Personal information
- Full name: Reginald Allan Fox
- Date of birth: 16 October 1929
- Place of birth: Tufnell Park, England
- Date of death: 19 April 2010 (aged 80)
- Place of death: Brighton, England
- Height: 5 ft 8 in (1.73 m)
- Position(s): Full back

Youth career
- Tottenham Hotspur

Senior career*
- Years: Team / Apps / (Gls)
- Tufnell Park
- 194?–1952: Fulham / 0 / (0)
- 1949: Dover
- 1952–1956: Brighton & Hove Albion / 20 / (0)
- 1956: Mansfield Town / 0 / (0)
- 1956–1957: Hastings United
- 1957–1958: Tonbridge Angels / 5 / (0)
- Folkestone Town
- Lewes

= Reg Fox =

English footballer

Reginald Allan Fox (16 October 1929 – 19 April 2010) was an English professional footballer who played in the Football League as a full back for Brighton & Hove Albion. He was on the books of Fulham and Mansfield Town without appearing for their League team, and played non-league football for Tufnell Park, Dover, Hastings United, Tonbridge Angels, Folkestone Town and Lewes.

==Life and career==
Fox was born in Tufnell Park, London, in 1929. He was with Tottenham Hotspur as a youngster and played amateur football for Isthmian League club Tufnell Park. During his National Service with the Royal Signals, he represented the Army team, as well as playing Kent League football for Dover while stationed locally. He was at that time on Fulham's books as an amateur, and signed professional forms in December 1949. He remained with the club for three years without appearing for their Football League team, then joined Brighton & Hove Albion of the Third Division South on 1 October 1952 as replacement for Jack Mansell who was leaving for First Division football with Cardiff City. He went straight into the team for the next day's visit to Bournemouth & Boscombe Athletic and performed well, albeit in a losing cause.
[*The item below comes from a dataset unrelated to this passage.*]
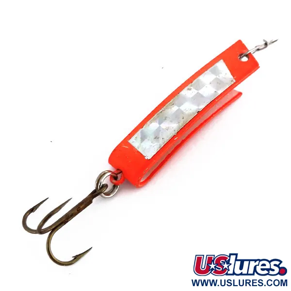 Fluorescenciniai oranžiniai dažai dengia šio 4,5 cm ilgio masalo U formos korpusą, užtikrindami puikų matomumą įvairiomis vandens sąlygomis. 7 g sveriantis Super-Duper 506 UV (produkto kodas: 9851) pasižymi firminiu prizminės juostos įdėklu, sukuriančiu daugiakampį blyksnį. Šis konkretus South Bend modelis pasižymi UV reaktyvumu, todėl masalas stipriai švyti veikiamas ultravioletinių spindulių. Masalo pagrindą sudaro viena sulenkto metalo dalis – tai JAV gaminamos Super-Duper linijos, skirtos universaliam spiningavimui ir velkiavimui, išskirtinumas. Galinėje dalyje tvirtu žiedeliu pritvirtintas trišakis kabliukas, o priekinė tvirtinimo anga yra paprasta, švariai pradurta skylė. Masalas įvertintas 5/5, jo būklė puiki, nėra matomų fluorescencinės dangos ar holografinio įdėklo nusidėvėjimo žymių. Metalinė U forma sukurta taip, kad išlaikytų konstrukcijos vientisumą kibimo metu ir tuo pačiu išliktų siauro profilio.

Competition at full back was such that he and Maurice McLafferty shared the left-back position for 1952–53, and in the following three seasons Fox made just ten appearances in league and FA Cup combined. He rejected Brighton's offer of terms for 1956–57, and joined Mansfield Town on a month's trial in August 1956; his performances for the club's junior teams earned him the offer of a contract, but Brighton wanted a higher fee than Mansfield were prepared to pay. Soon afterwards, Fox moved on to Hastings United of the Southern League on a free transfer.

He spent the 1957–58 season with Tonbridge Angels as captain of the reserves and occasional first-teamer, making five appearances in the Southern League and one in the Kent Senior Cup., and later played for Folkestone Town and Lewes.

Fox settled in Brighton, where he died in 2010 at the age of 80.